In the fast-paced telecom industry, customer retention plays a pivotal role in achieving sustained growth and success.
In this blog post, we will explore how Power BI, a leading data visualization tool, can assist a virtual telecom company in defining key performance indicators (KPIs) and creating an insightful dashboard to gain a deeper understanding of customer retention.
METHODOLOGY
Defining the Project Objective: The first step is to clearly articulate the objective of the project, which is to create a customer retention visualization dashboard using Power BI for a virtual telecommunications company. The goal is to gain insights into customer retention and understand their preferences and behavior.
Identify Key Performance Indicators (KPIs): KPIs that align with the company's customer retention goals were identified. Examples of such KPIs are customer churn rate, customer satisfaction, demographics and customer information.
Gather and Prepare Data: Collect relevant data from various sources within the virtual telecommunications company, such as customer records, call logs, billing information, and customer support interactions. Cleanse and transform the data as needed to ensure its accuracy and consistency.
Design the Power BI Dashboard: Utilize the Power BI to design and develop the customer retention dashboard. Begin by selecting appropriate visualizations, such as line charts, bar graphs, and tables, to represent the KPIs effectively.
Create Visualizations: Using the prepared data, visualizations were created in Power BI that highlight the identified KPIs. For example, the payment method and contract type were visualized using bar charts and customer demographics were mainly represented by pie charts. The visualizations are intuitive, informative, and aligned with the project's objectives.
Implementation of Interactive Features: Power BI's interactive features were leveraged to enhance the usability and user experience of the dashboard. Slicers and filters were incorporated to enable users to explore the data and dive deeper into specific customer segments or time periods. This interactivity allows stakeholders to gain deeper insights and make data-driven decisions.
Validation and Iteration: The dashboard will be validated by sharing it with the retention team and other key stakeholders. The visualization can be continuously refined to ensure that the dashboard effectively addresses the information needs of the virtual telecommunications company.
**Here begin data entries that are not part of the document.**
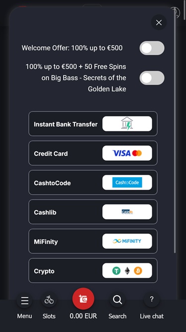 Deposit between 16:00 PM CEST Friday and 11:59 PM CEST Sunday and receive 50% up to €500 and an extra 20 Free Spins on Big Bass Bonanza from Pragmatic Play. The bonus is valid on one deposit made between Friday 4:00 PM and Sunday 11:59 PM every weekend. The bonus is valid for 7 days after activation.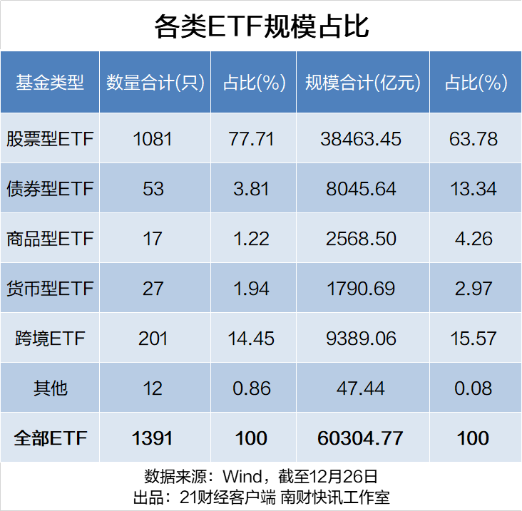 2025年12月26日,中国公募基金市场迎来标志性里程碑——ETF(交易型开放式指数基金)总规模正式突破6万亿元大关,达到6.03万亿元,年内ETF规模增加2.29万亿元,同比增长突破60%,市场规模与吸引力迈上新台阶。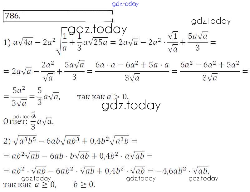 На страницах сайта gdz.today вы найдете учебный и вспомогательный материал, направленный на улучшения знаний школьной программы. ГДЗ - онлайн мир знаний Решение к упражнениям 786 Учебнику по Алгебре для 8 класса Колягин, Ткачева Просвещение УМК 2013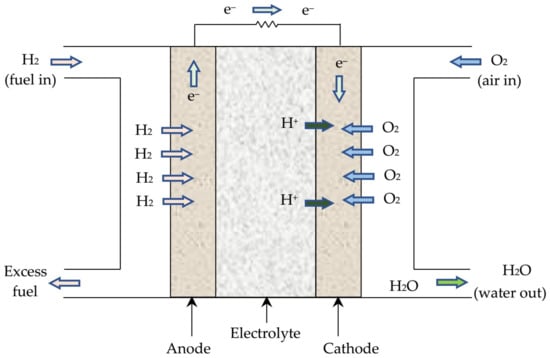 The initial prototype of a fuel cell was developed in 1839 based on an electrolysis experiment. A variety of fuel cells are available based on the type of electrolyte, such as the proton exchange membrane fuel cell (PEMFC), phosphoric acid fuel cell (PAFC), solid oxide fuel cell (SOFC), alkaline fuel cell (AFC), molten carbonate fuel cell (MCFC), etc. The fuel cell is one of the cleanest devices for electrical power generation. The efficiency of fuel cells is relatively high, and they can be used in a wide range of temperatures. Among them, the PEMFC, AFC and PAFC can be operated at low temperatures (50–250 °C), whereas the SOFC and MCFC are high-temperature fuel cells (650–1000 °C). A high-temperature PEMFC has recently been developed with the combination of polybenzimidazole membrane and phosphoric acid through doping. This unique feature allows the high-temperature PEMFC to perform its operation at a temperature of 200 °C. The efficiency of fuel cells lies between 40–60% depending on types, but it can be achieved up to 85% through cogeneration. Due to the low operating temperature, PEMFCs are not suitable for cogeneration cycles []. Cogeneration is an approach for electricity production by combining heat and power. The static operating nature of a fuel cell has made it quiet and vibrationless. The fuel cell is a suitable device due to its various amenities, such as high efficiency, zero emissions, simplicity, modularity and static nature. The fuel (input) of a fuel cell is not considered a renewable energy source. But hydrogen is universally available, which is used as fuel in a hydrogen fuel cell. Therefore, its popularity is increasing daily.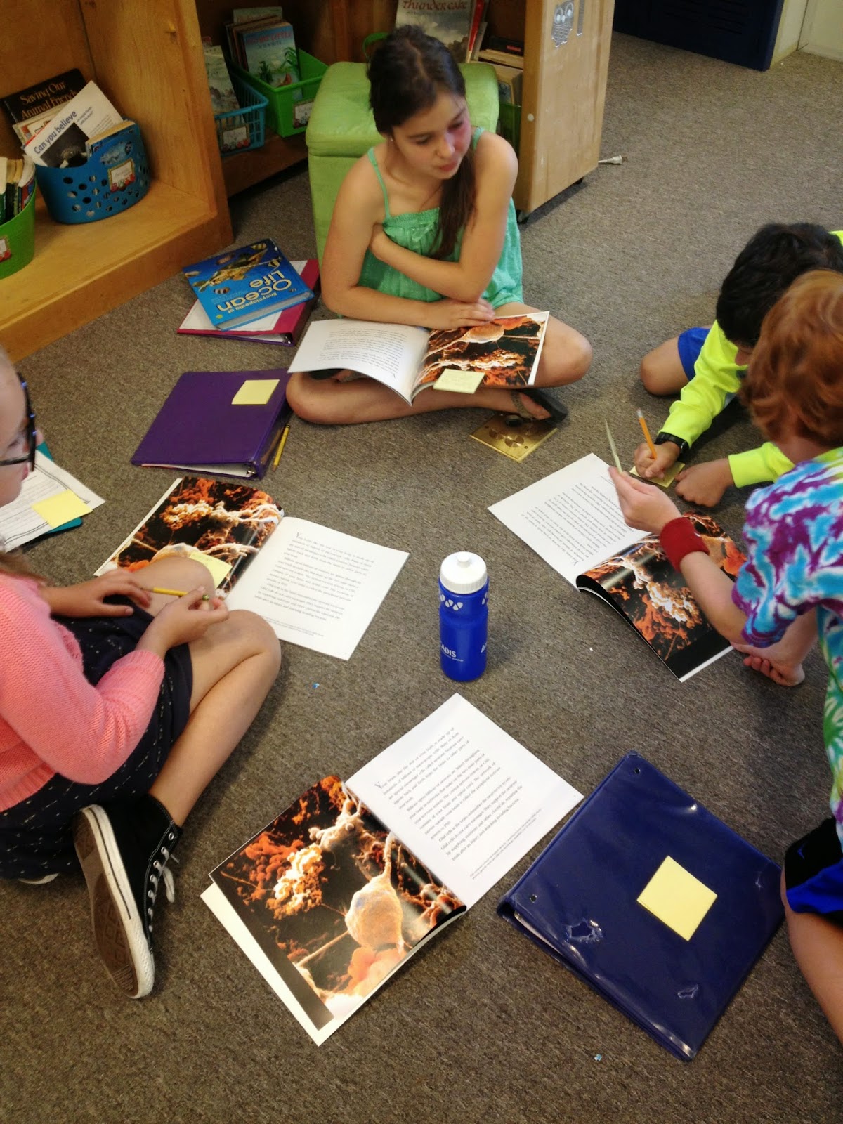 I noticed that some students were using post-it notes to jot something important down. I also saw students either reread a section or they would ask a group member to explain what they didn't understand. It was really wonderful to see this! It was a very awesome 'teachery' moment for me! One of my students told her group that she didn't really understand the paragraph she just read, so another student used the diagram in the book to explain the concept in his own words. I was thinking, "Yes!! This is what I am talking about!"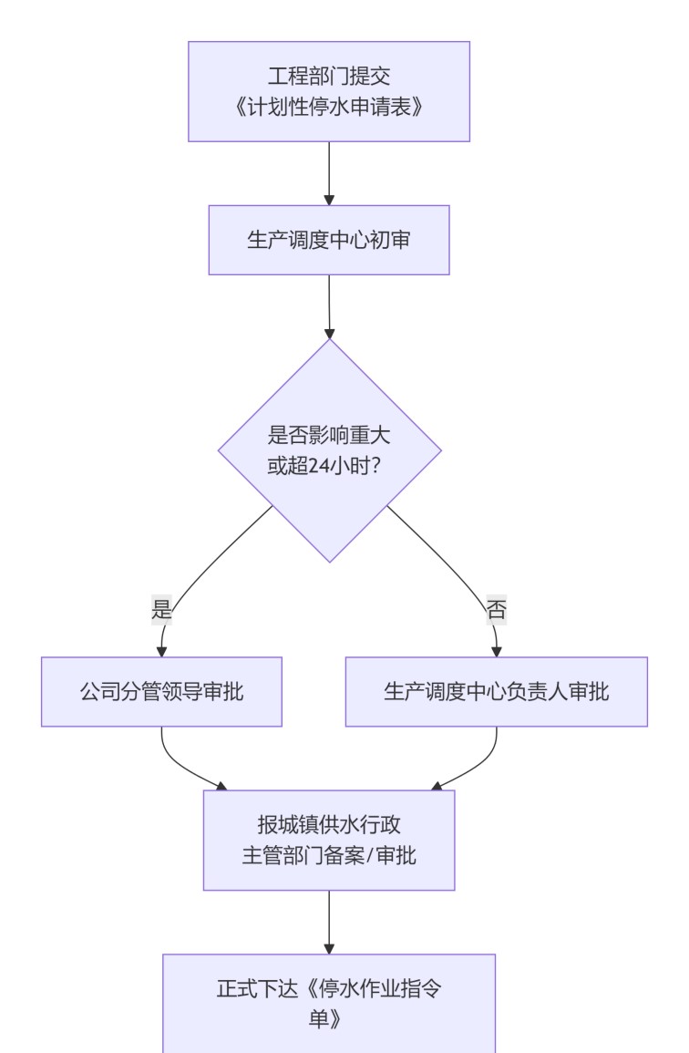 內(nèi)部審批:調(diào)度中心對停水的必要性、時長和范圍進行初審。影響范圍廣或停水時間預計超過24小時的重大作業(yè),需報公司分管領導批準。

ANALYSIS AND VISUALIZATION
After importing the dataset into Power BI, the data was cleaned, shaped, and organized for analysis using Power Query. Tasks such as removing duplicates, filtering rows and splitting columns were accomplished through Power Query.
To enrich the analysis, calculated measures were created using DAX (Data Analysis Expressions) to perform specific calculations required for insights. For instance, to determine the percentage of customers subscribing to 'Tech Support' services, the following DAX calculation was employed: Tech Support = [Number of customers that used tech support]/'01 Churn-Dataset'[Customer Count].
Once the KPIs were defined, they were incorporated into the visualizations. Appropriate visualizations were carefully selected based on the data's characteristics and the intended insights. Additionally, filters and slicers were added to the visualizations, enabling users to interact with the data. For example, a slicer was included to allow users to select and view information specifically related to the type of customers who left the company.
To enhance the user experience and facilitate seamless exploration of the data, interactions were defined between different visualizations. This enabled cross-filtering, where selecting specific data points in one visualization influenced the data displayed in other connected visualizations.
By leveraging Power BI's data preparation capabilities, utilizing DAX calculations, and designing interactive visualizations, the analysis becomes more robust and user-friendly. These features empower stakeholders to interact with the data, gain deeper insights, and make informed decisions regarding customer retention strategies.
Upon conducting further analysis and visualization, the following key insights were deduced:
Monthly Contracts: A significant portion of the customers who left the company were on a monthly contract. This indicates that customers on shorter-term commitments may have a higher tendency to churn compared to those on longer-term contracts.
Payment Method: The analysis revealed that electronic check was the most common form of payment among customers who left the company. This finding suggests that the payment method could be a contributing factor to customer attrition.
Demographic Profile: Among the demographics, it was observed that females without partners constituted the largest group of customers who chose to terminate their relationship with the company. This demographic insight may indicate specific challenges or preferences that this group of customers encountered during their association.
Phone Services Subscribers: The analysis also highlighted that the highest number of customers who decided to leave the company were subscribers of Phone Services. This observation indicates a potential issue or dissatisfaction related to the phone services offered by the company, which may have influenced their decision to switch providers.